• [ABOUT THIS EXERCISE]
Copy, without a single change, each line from the one that holds "При очень большой" to the bottom of the entries below, and drop any pictures.

** RECORDED DATA follows **

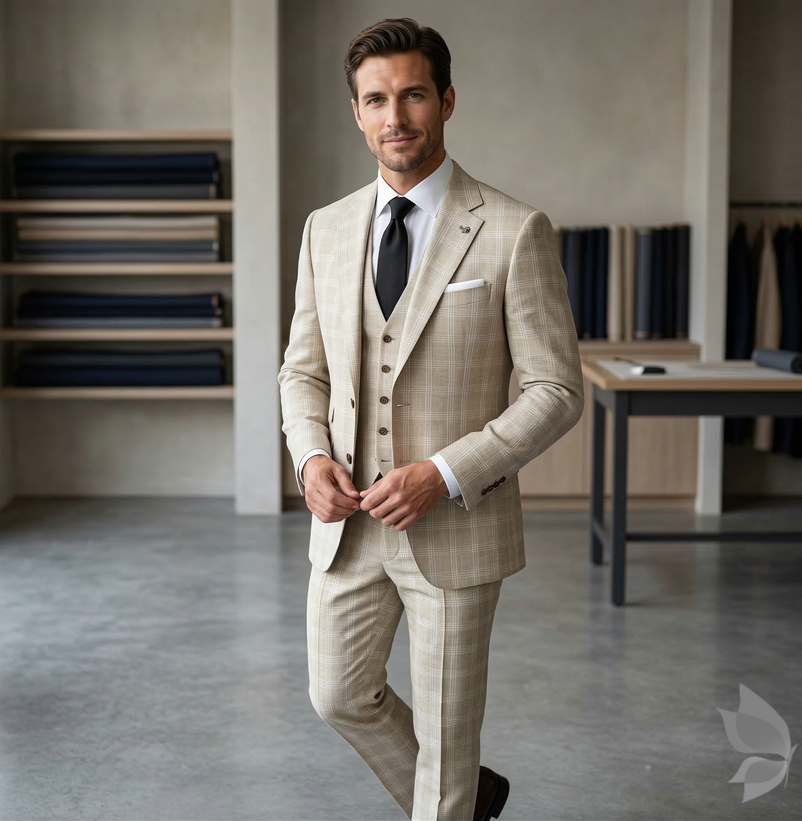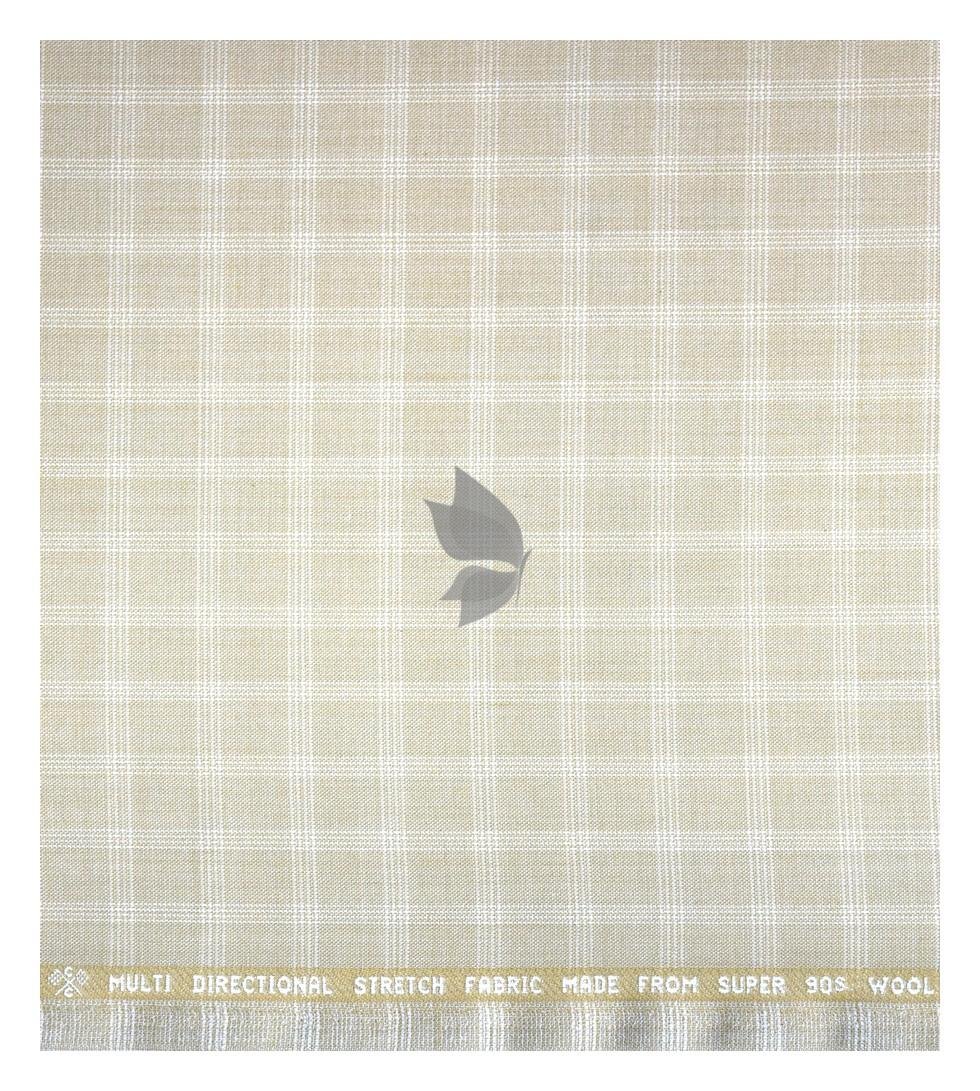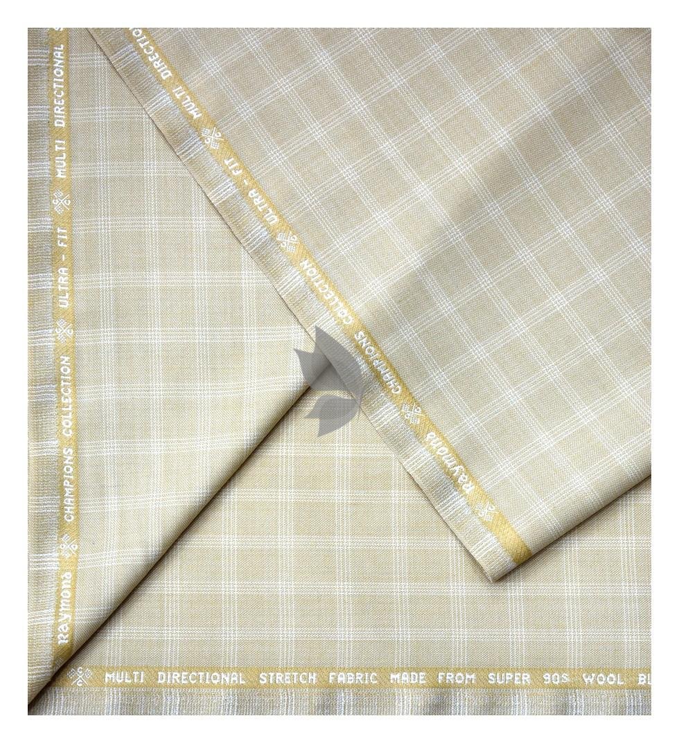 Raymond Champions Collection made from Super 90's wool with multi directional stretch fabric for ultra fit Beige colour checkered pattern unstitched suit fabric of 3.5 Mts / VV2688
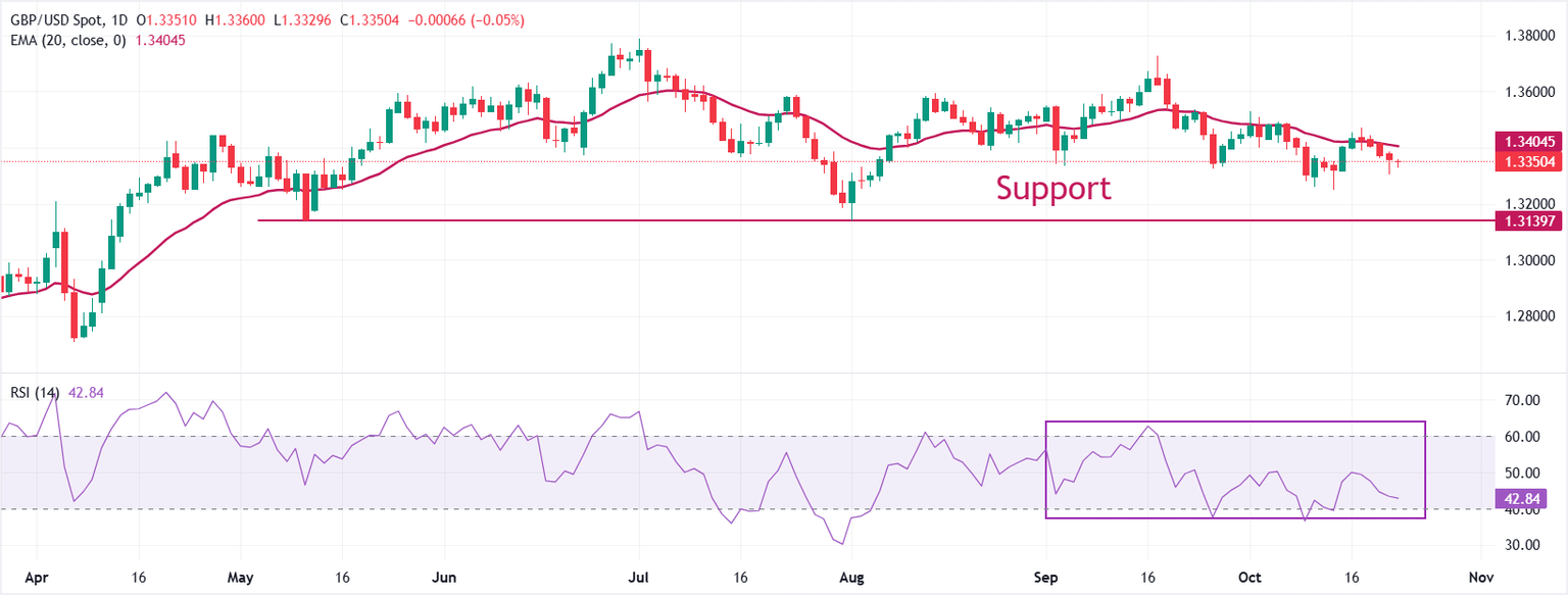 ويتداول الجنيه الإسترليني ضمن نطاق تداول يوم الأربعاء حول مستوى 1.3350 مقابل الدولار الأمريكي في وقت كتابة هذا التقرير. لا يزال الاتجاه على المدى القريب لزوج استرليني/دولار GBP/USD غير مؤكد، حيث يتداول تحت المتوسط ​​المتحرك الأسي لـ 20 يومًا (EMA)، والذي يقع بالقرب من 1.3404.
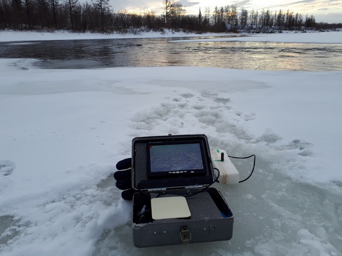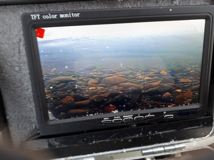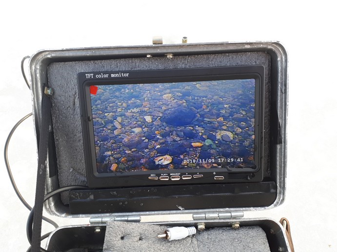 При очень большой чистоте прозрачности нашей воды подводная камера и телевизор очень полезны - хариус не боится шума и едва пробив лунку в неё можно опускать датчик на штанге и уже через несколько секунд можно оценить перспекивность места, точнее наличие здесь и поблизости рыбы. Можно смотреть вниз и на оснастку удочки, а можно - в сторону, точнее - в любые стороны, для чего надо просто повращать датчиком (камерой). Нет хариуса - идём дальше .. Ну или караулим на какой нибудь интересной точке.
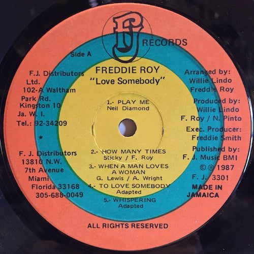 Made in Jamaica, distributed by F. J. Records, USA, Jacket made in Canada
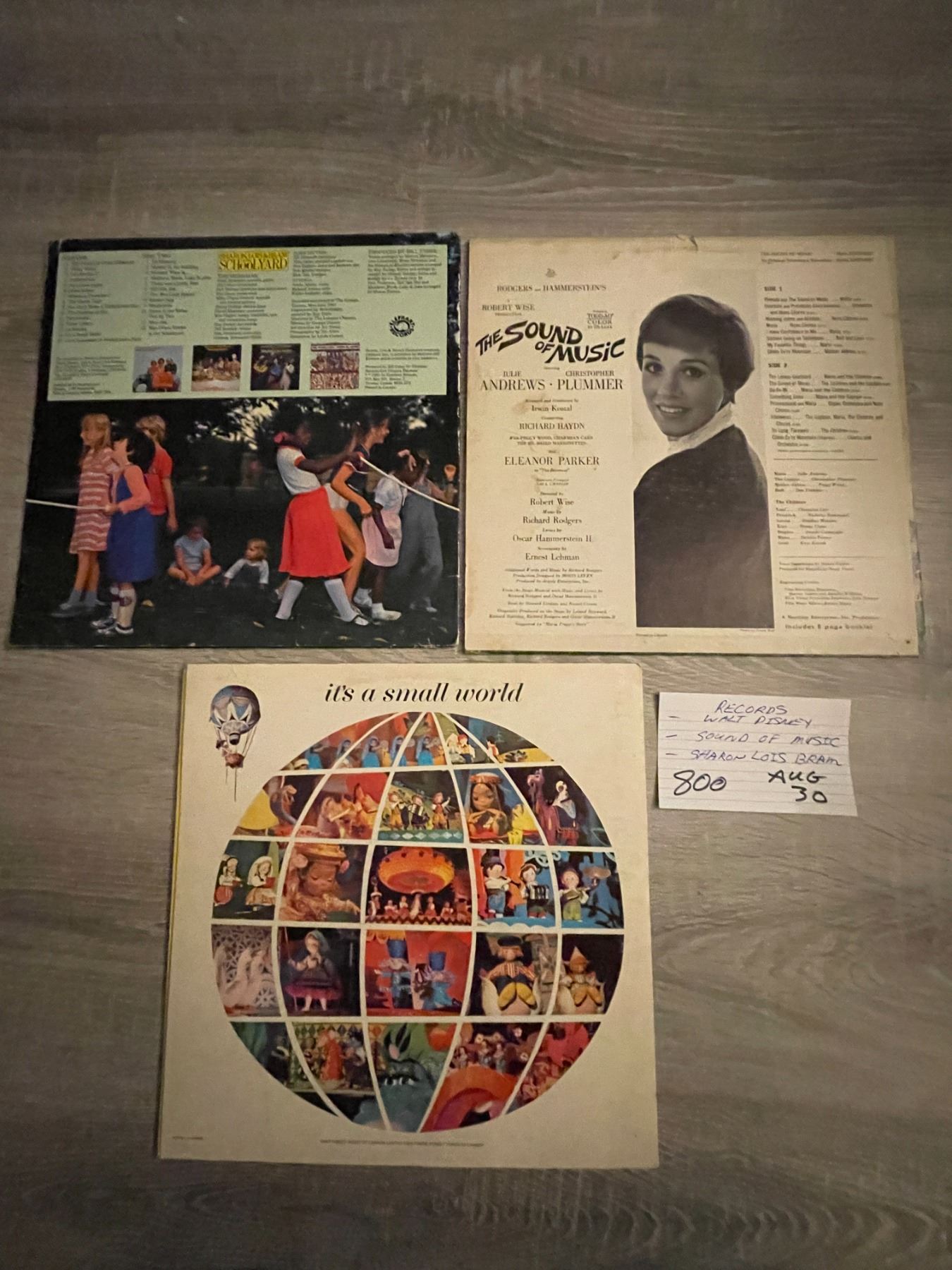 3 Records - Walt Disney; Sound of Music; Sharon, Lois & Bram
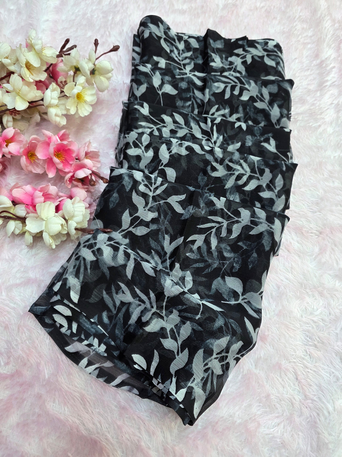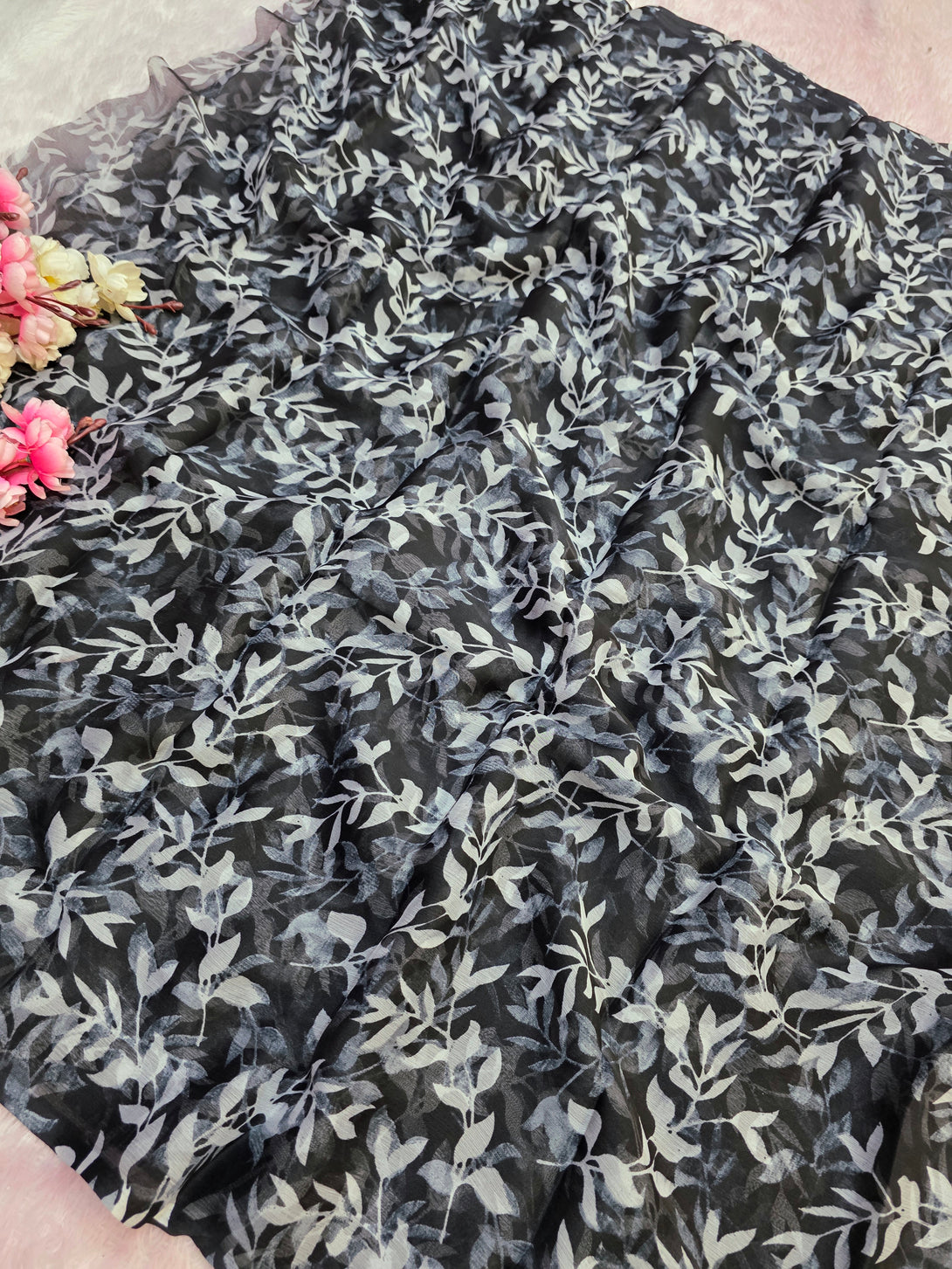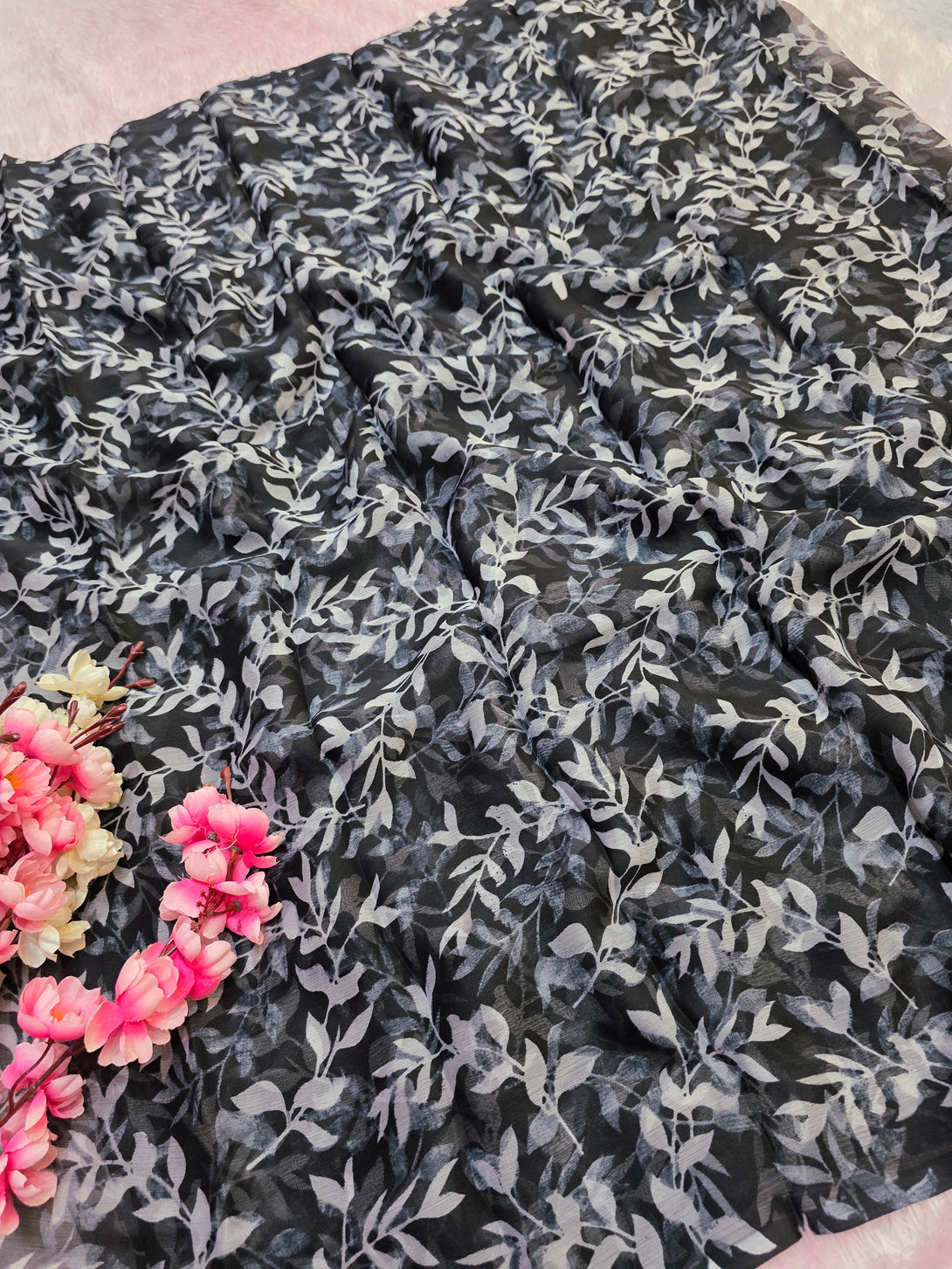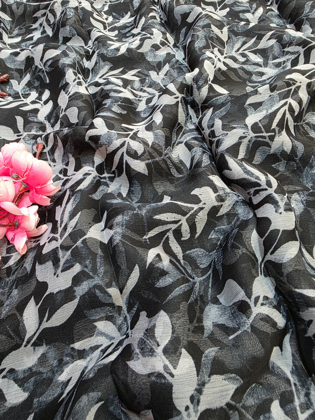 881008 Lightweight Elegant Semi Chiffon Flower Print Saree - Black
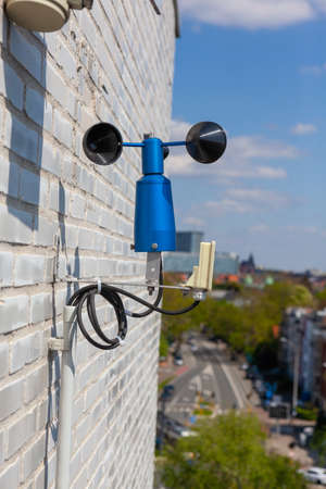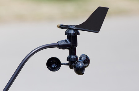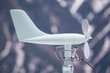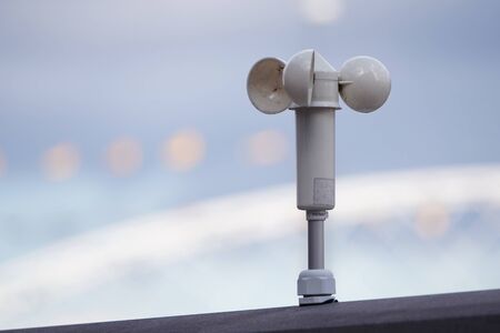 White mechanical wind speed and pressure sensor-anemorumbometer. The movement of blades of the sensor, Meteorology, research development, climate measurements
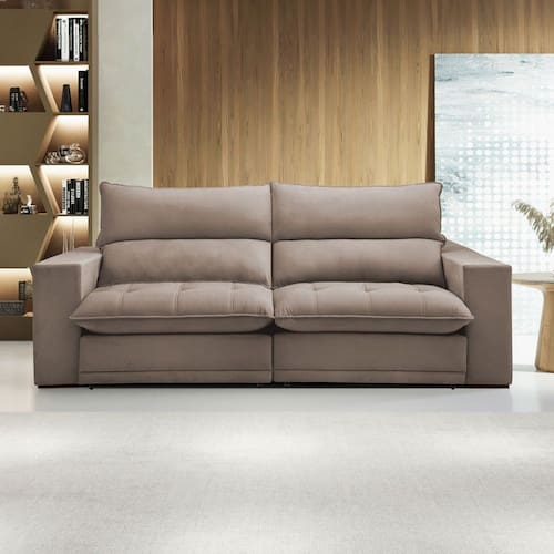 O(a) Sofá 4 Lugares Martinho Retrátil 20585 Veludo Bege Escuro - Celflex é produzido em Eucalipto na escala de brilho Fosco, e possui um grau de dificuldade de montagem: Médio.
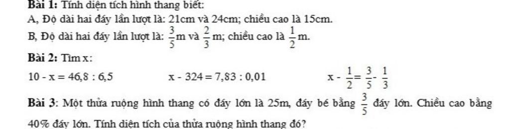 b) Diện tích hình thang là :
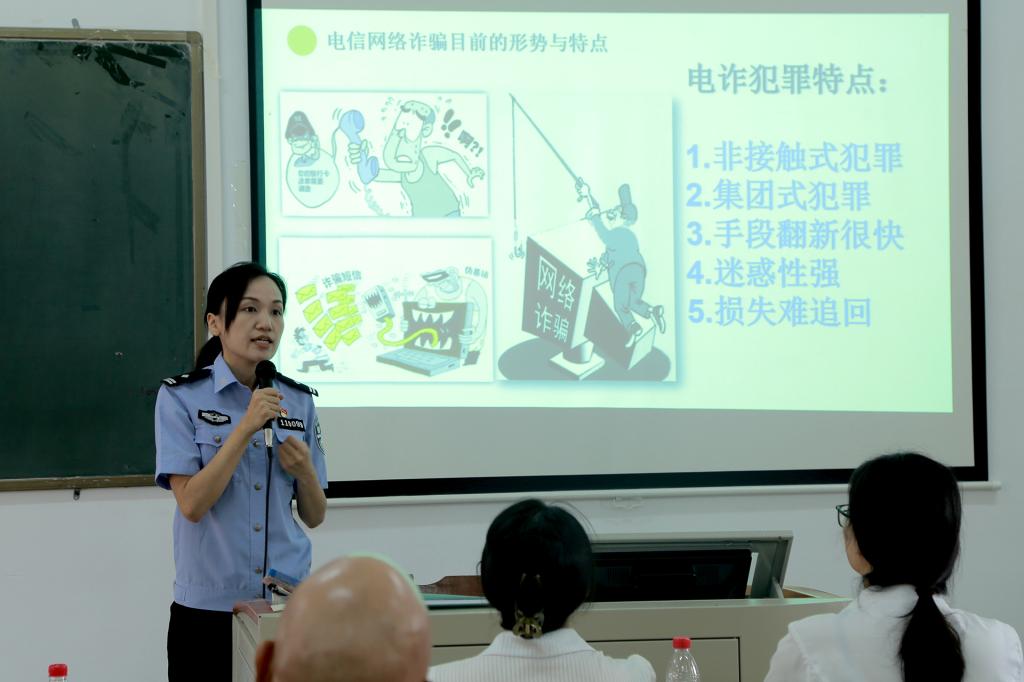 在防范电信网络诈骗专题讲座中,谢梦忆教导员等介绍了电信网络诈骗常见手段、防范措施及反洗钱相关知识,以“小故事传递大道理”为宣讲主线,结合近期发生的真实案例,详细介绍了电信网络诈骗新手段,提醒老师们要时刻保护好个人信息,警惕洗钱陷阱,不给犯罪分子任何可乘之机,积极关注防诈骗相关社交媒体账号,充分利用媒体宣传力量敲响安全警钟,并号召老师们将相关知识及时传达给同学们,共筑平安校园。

** End of RECORDED DATA **

• [ANSWER BOX]
 При очень большой чистоте прозрачности нашей воды подводная камера и телевизор очень полезны - хариус не боится шума и едва пробив лунку в неё можно опускать датчик на штанге и уже через несколько секунд можно оценить перспекивность места, точнее наличие здесь и поблизости рыбы. Можно смотреть вниз и на оснастку удочки, а можно - в сторону, точнее - в любые стороны, для чего надо просто повращать датчиком (камерой). Нет хариуса - идём дальше .. Ну или караулим на какой нибудь интересной точке.
 Made in Jamaica, distributed by F. J. Records, USA, Jacket made in Canada
 3 Records - Walt Disney; Sound of Music; Sharon, Lois & Bram
 881008 Lightweight Elegant Semi Chiffon Flower Print Saree - Black
 White mechanical wind speed and pressure sensor-anemorumbometer. The movement of blades of the sensor, Meteorology, research development, climate measurements
 O(a) Sofá 4 Lugares Martinho Retrátil 20585 Veludo Bege Escuro - Celflex é produzido em Eucalipto na escala de brilho Fosco, e possui um grau de dificuldade de montagem: Médio.
 b) Diện tích hình thang là :
 在防范电信网络诈骗专题讲座中,谢梦忆教导员等介绍了电信网络诈骗常见手段、防范措施及反洗钱相关知识,以“小故事传递大道理”为宣讲主线,结合近期发生的真实案例,详细介绍了电信网络诈骗新手段,提醒老师们要时刻保护好个人信息,警惕洗钱陷阱,不给犯罪分子任何可乘之机,积极关注防诈骗相关社交媒体账号,充分利用媒体宣传力量敲响安全警钟,并号召老师们将相关知识及时传达给同学们,共筑平安校园。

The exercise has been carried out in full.